Il peut être tentant de penser que lorsque Meta annonce qu’elle va démanteler les mécanismes visant à atténuer la désinformation qui sévit sur ses plateformes, que cette décision est une concession stratégique à Donald Trump, Elon Musk et compagnie – qu’il s’agit simplement d’une tentative de la part de Meta. l’entreprise à s’aligner sur le futur gouvernement américain, car cela n’a jamais fait de mal à aucune multinationale d’avoir de bonnes relations avec le pouvoir politique.
Mais ce n’est pas tout ce qui se passe.
Les magnats de la technologie en général, et Mark Zuckerberg en particulier, ne sont pas – autant que leurs positions publiques nous permettent de le voir – idéologiquement très éloignés de Trump. Le retour au pouvoir du républicain permet désormais à certaines sociétés Internet de fermer une parenthèse qu’elles avaient été contraintes d’ouvrir sous la pression politique et de l’opinion publique. Ce fut, ironiquement, une parenthèse ouverte autour de la première élection de Trump, en 2016. Aujourd’hui, Zuckerberg trouve les conditions pour redevenir un maximaliste de la liberté d’expression, aux idées libertaires et dont la préférence a toujours été d’interférer le moins possible avec ce qui est publié en ligne.
Il est légitime que le PDG d’une entreprise dont l’objectif est de gagner de l’argent grâce à la publicité ne se sente pas obligé d’être un gendarme de la langue et d’avoir des responsabilités dans le fonctionnement du discours public, en plus de celles qui découlent de la loi. En soutien à Zuckerberg, il ne l’a jamais caché. C’est toujours à contrecœur, et sous l’impulsion d’événements tels que le scandale Cambridge Analytica ou les violences contre la population Rohingya incitées sur les pages Facebook, que l’entreprise a mis en place des mécanismes pour vérifier les faits et contrôler la désinformation et les discours de haine. À cette époque, il était impossible, du point de vue de l’image publique, de ne pas le faire.
Le contexte est désormais différent. Zuckerberg n’a pas tardé à le remarquer. Et le résultat est que Facebook mettra fin à son programme de vérification des faits aux États-Unis, dans le cadre duquel il payait des entités externes (dans certains cas, des médias) pour vérifier les contenus douteux publiés sur les réseaux sociaux de l’entreprise. Les contenus considérés comme faux ou incorrects ont été marqués et leur portée sur la plateforme est devenue plus petite. Il y a fort à parier que la fin de ces freins à la désinformation finira par s’étendre au reste du monde, y compris en Europe, les réduisant de ce côté de l’Atlantique au minimum nécessaire pour se conformer à la législation européenne.
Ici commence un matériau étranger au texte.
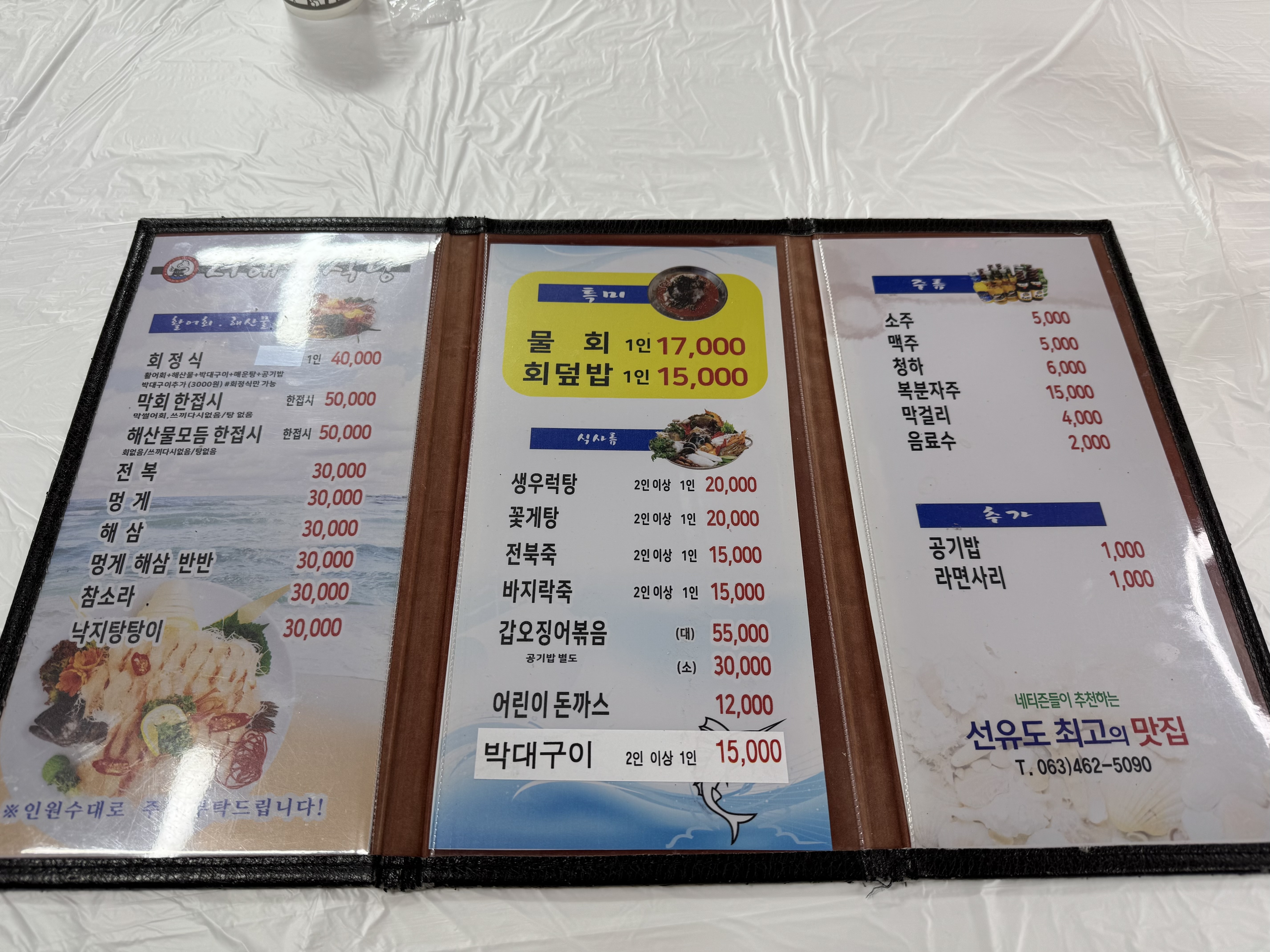 식당 앞에 도착하자 식사를 마치고 나오는 사람도 보였고 식당 안도 손님들도 꽉 차 있었다. 위 사진은 나올 때 찍은 사진이니 오해는 금물! 내돈내산이라는? 우리는 물회랑 회덮밥을 하나씩 시켰다. 어제는 안 보였는데 식사류 메뉴에 보니 우럭탕, 꽃게탕, 전복죽, 갑오징어볶음까지 겁나게 맛있어 보이는 것들이 많구나..ㅠ

Les déclarations d’aujourd’hui montrent clairement qu’il s’agit d’une décision prise pour la seule raison qu’une opportunité offerte par les vents politiques changeants. “Il est temps de revenir à nos racines en matière de liberté d’expression sur Facebook et Instagram”, a déclaré Zuckerberg. dans une vidéo enregistrée. Peu après, il a désigné les responsables de ce retrait du ethos original : « Les gouvernements et médias Les traditionalistes nous ont fait pression pour que nous censurions de plus en plus. » Il a également annoncé qu’il allait « supprimer de nombreuses restrictions sur des questions comme le genre et l’immigration ». Ces restrictions, estime-t-il, sont « très éloignées du discours actuel » (Performance démocratique aux élections américaines indique que, sur ce point, Zuckerberg a raison). Dans un choix de mots singulier, il a déclaré qu’il entendait « réduire le nombre de messages et les comptes de personnes innocentes que nous avons supprimés par accident. »
Zuckerberg, comme Musk, a toujours considéré l’idée de modérer le contenu comme un acte de censure. Tout comme X, le messages sur Facebook, ils auront désormais des « notes communautaires » ; c’est-à-dire des annexes écrites par l’utilisateur, censées fonctionner comme une sorte de contrôle ou de source d’informations supplémentaires, rédigées volontairement par n’importe qui. L’efficacité de ce système est très douteuse, dans les cas les plus bienveillants.
“On a l’impression que nous sommes dans une nouvelle ère maintenant”, dit Zuckerberg à un moment donné dans sa vidéo. Tu as raison. Ce sera encore plus chaotique.